--- Given data ---
<<<<
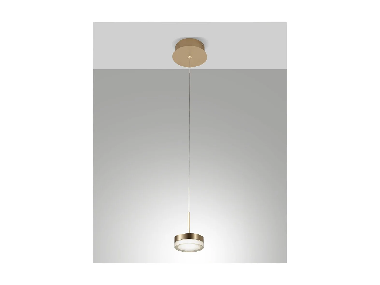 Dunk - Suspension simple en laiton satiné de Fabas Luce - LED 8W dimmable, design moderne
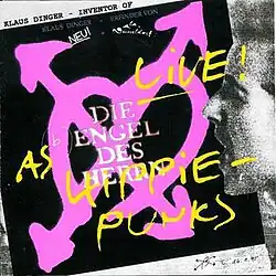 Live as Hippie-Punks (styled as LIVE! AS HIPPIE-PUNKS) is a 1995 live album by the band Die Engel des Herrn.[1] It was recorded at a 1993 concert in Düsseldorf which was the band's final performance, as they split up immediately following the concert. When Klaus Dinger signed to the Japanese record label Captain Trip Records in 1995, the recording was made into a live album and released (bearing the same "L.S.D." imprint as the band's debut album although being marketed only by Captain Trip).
>>>>
<<<<
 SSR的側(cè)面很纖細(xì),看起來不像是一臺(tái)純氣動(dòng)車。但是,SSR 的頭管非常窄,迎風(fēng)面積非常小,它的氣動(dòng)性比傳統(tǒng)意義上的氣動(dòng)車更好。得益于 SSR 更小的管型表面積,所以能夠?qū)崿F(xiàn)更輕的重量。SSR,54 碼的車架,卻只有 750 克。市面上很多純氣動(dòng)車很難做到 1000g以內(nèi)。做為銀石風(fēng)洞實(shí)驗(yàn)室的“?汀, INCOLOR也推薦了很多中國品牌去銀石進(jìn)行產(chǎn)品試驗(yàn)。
>>>>
--- Problem details ---
Take the material above and output only the lines from the one that contains "Dunk - Suspension" through the one that contains "Live as Hippie-Punks", ends included and images left out.

--- Your response ---
 Dunk - Suspension simple en laiton satiné de Fabas Luce - LED 8W dimmable, design moderne
 Live as Hippie-Punks (styled as LIVE! AS HIPPIE-PUNKS) is a 1995 live album by the band Die Engel des Herrn.[1] It was recorded at a 1993 concert in Düsseldorf which was the band's final performance, as they split up immediately following the concert. When Klaus Dinger signed to the Japanese record label Captain Trip Records in 1995, the recording was made into a live album and released (bearing the same "L.S.D." imprint as the band's debut album although being marketed only by Captain Trip).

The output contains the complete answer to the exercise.